ONE HUNDRED AND TWO:

Liz

“The girl’s nothing but skin and bone.” Laughter, the electric crackle of the wicker chair under his weight. “I’ve seen scarecrows with more stuffing.” Liz shied away, dug her toes into the lawn and closed her eyes. In the dark—the smell of grass and cooked onions, the wind growling until her father’s voice faded away.

Safe.

At fourteen, her mother measured Liz at five feet against the kitchen doorframe. “God’s stretching you like taffy,” Reggie said, tucking the permanent marker into her blouse pocket. “I’m going to have to put a brick on your head to slow you down.” A shy smile on Liz’s face as her mother ruffled her bangs. “Out you go.” She gestured towards the back door, a hand on the seat of her daughter’s overalls to get her moving, and within seconds Liz was outside with two tennis rackets in hand.
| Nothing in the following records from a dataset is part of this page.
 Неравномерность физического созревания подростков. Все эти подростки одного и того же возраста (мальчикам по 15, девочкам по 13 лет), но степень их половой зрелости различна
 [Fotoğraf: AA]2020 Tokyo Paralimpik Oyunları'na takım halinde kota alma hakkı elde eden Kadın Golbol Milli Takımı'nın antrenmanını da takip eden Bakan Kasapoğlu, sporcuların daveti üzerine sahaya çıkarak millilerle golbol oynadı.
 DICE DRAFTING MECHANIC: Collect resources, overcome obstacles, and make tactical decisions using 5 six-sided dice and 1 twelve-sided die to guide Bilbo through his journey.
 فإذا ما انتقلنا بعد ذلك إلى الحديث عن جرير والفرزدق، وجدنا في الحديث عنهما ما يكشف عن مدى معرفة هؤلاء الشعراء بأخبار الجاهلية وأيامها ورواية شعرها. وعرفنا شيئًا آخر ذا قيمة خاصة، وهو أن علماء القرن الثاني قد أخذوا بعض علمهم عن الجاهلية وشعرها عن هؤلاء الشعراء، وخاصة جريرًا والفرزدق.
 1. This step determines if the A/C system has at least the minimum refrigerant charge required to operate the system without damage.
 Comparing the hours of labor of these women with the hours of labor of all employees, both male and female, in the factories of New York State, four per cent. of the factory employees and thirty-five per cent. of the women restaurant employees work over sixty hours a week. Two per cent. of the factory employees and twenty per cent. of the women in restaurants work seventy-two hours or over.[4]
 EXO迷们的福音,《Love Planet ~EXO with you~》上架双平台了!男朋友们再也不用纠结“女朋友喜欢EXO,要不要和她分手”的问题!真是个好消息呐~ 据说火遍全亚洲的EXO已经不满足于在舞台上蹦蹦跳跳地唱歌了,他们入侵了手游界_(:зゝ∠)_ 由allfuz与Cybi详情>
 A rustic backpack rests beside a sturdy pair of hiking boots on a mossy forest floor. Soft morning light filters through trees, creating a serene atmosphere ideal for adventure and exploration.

She gave one to her younger brother.

“Here you go, weed.”

“That ain’t my name,” he spat back. “It’s Jed and you know it.”
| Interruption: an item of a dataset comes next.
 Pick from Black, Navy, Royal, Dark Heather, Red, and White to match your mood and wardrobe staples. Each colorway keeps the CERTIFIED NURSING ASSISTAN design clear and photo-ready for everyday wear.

“Yeah well, ‘ain’t’ isn’t a real word, so why should I call you anything when you can’t speak any proper English? Don’t they teach you anything at school?” The two siblings glared at each other, their slight shadows long across the ground.

“Yeah well, you’re skinny. So how’s about we just do this, okay?”

They spent the afternoon playing tennis with mandarins plucked straight from the tree. Exhausted, they lay surrounded by a litter of exploded orange grenades, each wearing beards of citrus and dirt. Liz was happy.

Her father threw the back door open, picked a dripping racket up off the grass, and smashed it across her face. It made a hollow boing-ing sound, like something from a cartoon. “God damn it, Liz,” he said. “Look what you did to that bloody tree!”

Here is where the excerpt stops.